In the 1980s, there was a strong swing back toward the earlier view, as the failure of heredity to explain most variation in occlusion and jaw proportions was appreciated and as the new theories of growth control indicated how environmental influences could operate by altering posture. The earlier concept that jaw function is related to the development of malocclusion was revived and strengthened, both by the evidence against simple inheritance and by a more optimistic view of the extent to which the human skeleton can be altered. Clinical applications, some already recognized as unfortunate, reflected extreme optimism about arch expansion and growth modification.

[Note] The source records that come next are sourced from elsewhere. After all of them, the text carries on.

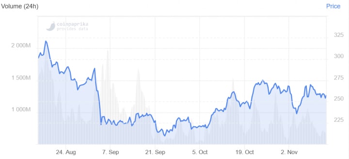 At the time of writing (14:24 UTC), BCH, ranked 6th by market capitalization, trades at USD 257 and is down by almost 1% in day and is unchanged in a week and a month. The price is down by almost 9% in a year.
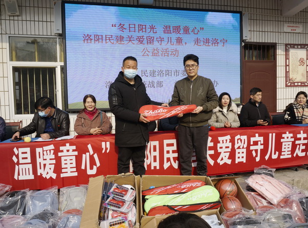 1月20日,新年伊始,民建洛阳市委组织新会员来到洛宁县长水乡王伙小学,开展关爱留守儿童扶贫捐赠活动,民建洛阳市委专职副主委张颖政,洛宁县委统战部部长张清涛,民建洛阳市委宣传联络委主任常志玉等参加活动。
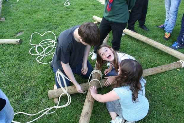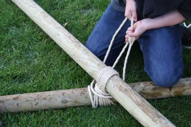 Simple pionera - construir un puente de mono de postes de madera (2 / 6 paso)
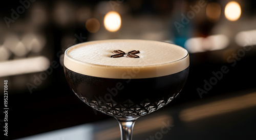 Elegant espresso martini cocktail with coffee bean garnish on a dark bar
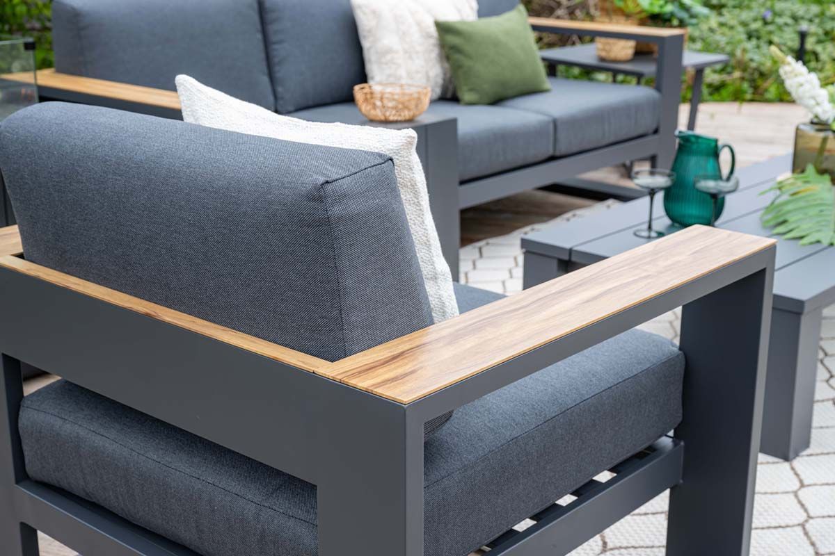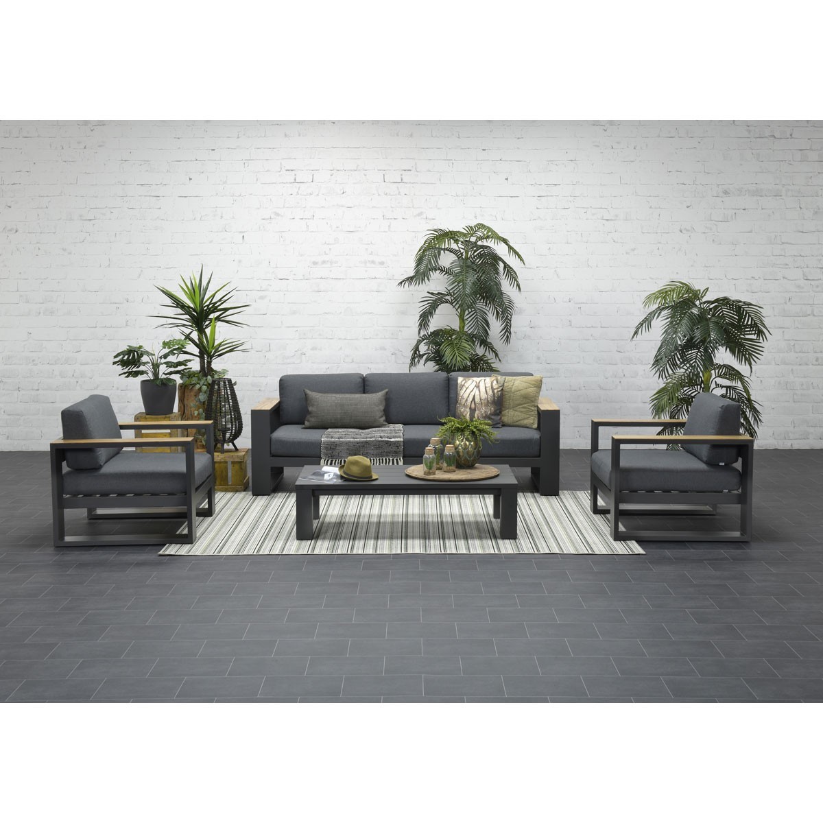 Het frame is volledig gemaakt van aluminium met een beschermende poedercoating in de kleur carbon black. Aan de bovenkant zit een aluminium plaat met een print van teak. Aluminium kan niet roesten en is onderhoudsvriendelijk. De antraciet kleurige kussens hebben een waterafstotende coating, een korte regenbui is hierdoor geen probleem. Het water kunt u er gewoon weer afkloppen. Dit is echter geen all weather materiaal, dus als u de stoel een langere tijd niet gebruikt, wordt geadviseerd om de kussens droog en schoon op te bergen in bijvoorbeeld een kussenbox.
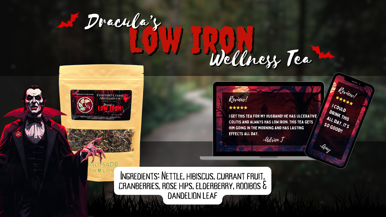 DRACULA’S LOW IRON TEAHerbal Blood Booster for Iron, Immunity & Inflammation
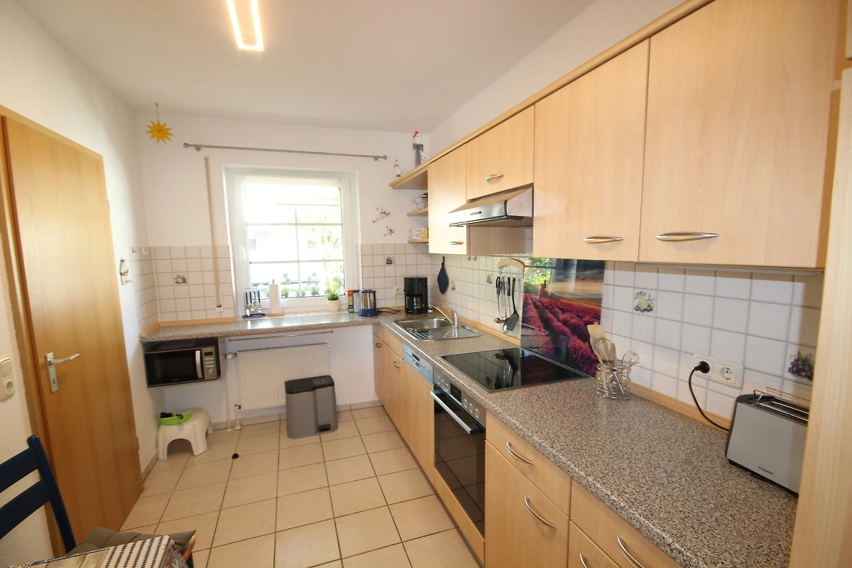 Die separate Küche ist mit E-Herd & Backofen, Abzugshaube, Geschirrspüler und den üblichen Küchengeräten sehr gut ausgestattet.
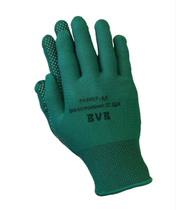 Перчатки из полиэстра с ПВХ точкой, 13 класс вязки,р-р 8.5 ЗЕЛЕНЫЕ КИТАЙ (1200)

As the twenty-first century moves ahead, a more balanced view seems to be emerging. Contemporary research has refuted the simplistic picture of malocclusion as resulting from independent inheritance of dental and facial characteristics, but the research findings consistently have shown also that there are no simple explanations for malocclusion in terms of oral function. Mouth breathing, tongue thrusting, soft diet, sleeping posture—none of these can be regarded as the sole or even the major reason for most malocclusions. Along the same lines, it is fair to say that the research has not yet clarified the precise role of heredity as an etiologic agent for malocclusion. The relatively high heritability of craniofacial dimensions and the relatively low heritability of dental arch variations now have been established, but exactly how this relates to the etiologic process of malocclusions that have both skeletal and dental components remains unknown. Conclusions about the etiology of most orthodontic problems are difficult because several interacting factors probably played a role. At least, at this point we are more aware of how much we really do not yet know about the etiology of orthodontic problems.